2.2 Analysis of acoustic propagation system
FIG. 4 shows the frequency response of the acoustic propagation system HRTFs of the OSD system for various elevation angles. There are some noticeable dips in the band above 5 kHz. The frequency with the dip increases as the elevation angle of the control transducer increases (upward) in the first hemisphere and then decreases again as the elevation angle increases (downward) in the second hemisphere. The frequencies with these dips are almost symmetric with respect to the frontal plane and are therefore likely to be the cause of inversion in the front-rear direction. On the other hand, the frequency with dip is significantly different in the vertical direction. Therefore, from the viewpoint of the similarity of spectral shapes, it is considered that the vertical reversal is much less likely to occur than the front-rear reversal.
[0012]
In general, the frequency response is stronger in the first hemisphere than in the second half. This region is considered not very useful as the position of the control transducer, as the response in the lower lower hemisphere has numerous dips and is generally weak. On the other hand, the region centered around the elevation angle of 90 ° (between the elevation angle of 60 ° and 120 °) is notable because the acoustic propagation system has a relatively flat and smooth response without significant dip. This characteristic of acoustic propagation system provides an additional physically supported advantage over simply being on the boundary of the front and rear spheres. The disadvantage of the overhead position is that the high frequency response above 12 kHz is weak compared to the high frequency response in the forward direction.
[0013]
The frequency response of the sound propagation system of the SD system with respect to various elevation angles is shown in FIG. The general trend is the same as the OSD system, except that the control converter for the SD system has a weaker response above 12 kHz. In fact, the elevation angle dependence of the spectral shape is relatively constant regardless of the azimuth direction. This can also be seen from the literature [4] showing the response in the azimuth direction ± 50 ° and the response in the median plane direction (FIG. 6). The most notable azimuth dependency is that as the sound source moves away from the median plane, the slope formed by the dip in the frequency response becomes more gradual as the elevation angle changes.
[0014]
FIG. 7 shows the condition number of the acoustic propagation matrix of the OSD system and the SD system. Although FIG. 7a suggests that the front hemisphere is a better position for the control transducer, this may be the result of an ideal OSD discretization optimized for the front hemisphere. Although the image is unclear due to the uncontrollable region inherent in the SD system around 10 kHz to 12 kHz, FIG. 7 b also suggests similar results. It is noteworthy that this bad frequency coincides with a characteristic dip having elevation dependence around 0 ° and ± 180 ° (horizontal plane). This may explain the tendency of a stronger bias error in the horizontal direction by the SD system.
3. Dynamic cues
It is also known that if the determination of whether the sound comes from the front or the back is ambiguous with spectral cues, the listener may use dynamic changes in the cues due to head movements.
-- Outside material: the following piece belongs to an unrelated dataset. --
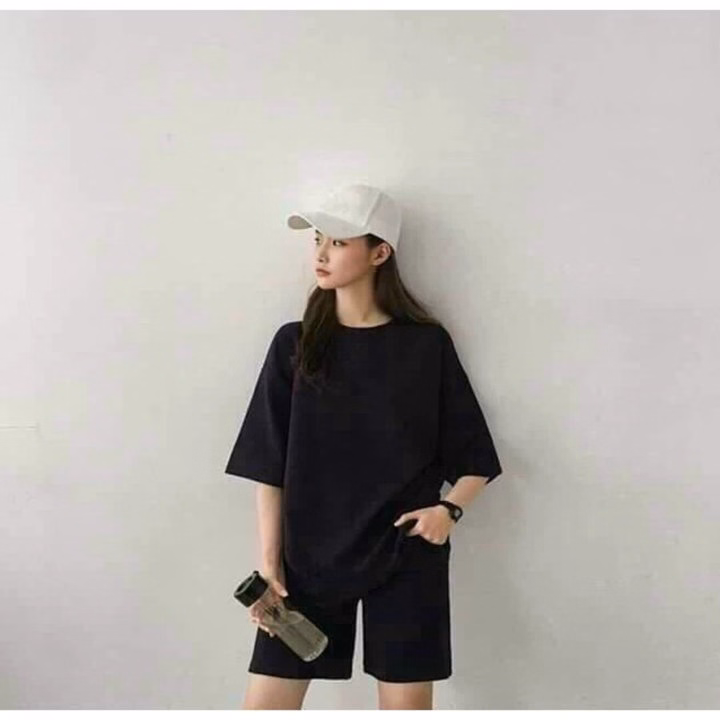 Sét Bộ Đùi Nữ Quần Cotton Su Trơn + Mix Áo Phông Cotton Khô 3158 Trơn Form Unisex
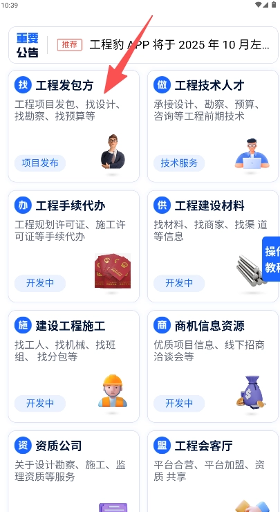 2、在首页浏览功能图标,点击“找工程发包方”进入页面。

FIG. 8 shows the interaural time difference (ITD) associated with the horizontal rotational movement of the head, which may be used for longitudinal identification. In addition, the horizontal rotational movement of the head is the most likely movement in the localization process of an object by all senses including vision. The ITD is calculated in the same way as described in [4]. The sound source is set at 10 ° intervals from an elevation angle of 0 ° to 90 ° on the median plane. In order to illustrate the change in ITD due to the sound source in the upper hemisphere, the ITD when the head rotates horizontally from −180 ° to 180 ° is indicated by coordinates. The ITD change due to the sound source in the lower hemisphere shows a similar trend, but is not illustrated here. The slope of the ITD curve indicates a dynamic change in ITD depending on the elevation angle. The front sound source direction almost always has a negative change, and the rear sound source direction shows a positive change.
[0015]
As has been used in many past cases, when the control transducer is at an elevation angle of 0 ° (front of the horizontal plane), the horizontal rotational movement of the head is always a negative ITD change, more specifically an elevation angle of 0 °. Produces a negative value corresponding to the front sound source. This is illustrated in FIG. 9a which shows an example of the change in ITD with horizontal rotation from −40 ° to 40 °. However, when the control transducer is at an elevation angle of 90 ° (on the frontal surface), there is no ITD change due to horizontal rotational motion (FIG. 9b). This is only true when the sound source is directly above or below the head in the actual sound environment. Therefore, the horizontal rotational movement does not give additional information to resolve anteroposterior ambiguity, but it gives 'false' cues that lead to systematic bias errors (in this example, forward bias). There is no.
[0016]
For the synthesis of the virtual sound environment, basically the head movement needs to be limited unless the control filter is adjusted according to the head movement. However, particularly under actual conditions, there are often uncontrollable head movements and control filter adjustment errors that should be adjusted in response to head movements. Therefore, placing the control transducer in the frontal plane, particularly in the upper hemisphere (over the head), has an advantage over other positions.
4). Other considerations
It is a well-known phenomenon that when a listener cannot clearly determine the height of a sound source, the person tends to take a direction in the horizontal plane as a default because it is most likely in the real sound environment. Therefore, the concern about the occurrence of biased recognition in the vertical direction is alleviated to some extent.
[0017]
When presenting virtual visual information along with acoustic information to the subject, it is desirable to avoid the transducer being present in the listener's field of view. This is particularly important for systems aimed at presenting virtual visual information over the entire field of view of the listener. This means that elevation angles between -90 ° and 90 ° should be avoided (FIG. 10).
5). Subject experiment
The above analysis strongly suggests that an elevation angle of 90 ° (in the frontal plane of the upper hemisphere) has a number of advantages and can be a powerful alternative to the normal elevation angle of 0 ° (in the front horizontal plane). doing. A set of subject evaluations was conducted to demonstrate this finding. A localization experiment using the OSD system was performed in both directions of elevation angles of 0 ° and 90 °. In addition, a localization experiment was performed when there was false dynamic information caused by the rotational movement of the head.
5.1 Experimental method
The inverse filter was realized using a digital signal processor. Among many methods described in the literature [2], the inverse filter H is designed based on a single 2-by-2 acoustic propagation matrix. Three young adults with normal hearing and no history of hearing disease participated as paid subjects. The evaluation was performed in an anechoic chamber.
[0018]
Since it is the most basic element that constitutes a complex sound environment, an investigation was made on the realization of one incident sound wave coming from various directions. Pink noise was used as the sound source signal because of its flat response on the logarithmic frequency axis. The HRTF database [5] measured at the MIT media lab was used for the binaural filter corresponding to the direction of arrival of each sound wave.
[0019]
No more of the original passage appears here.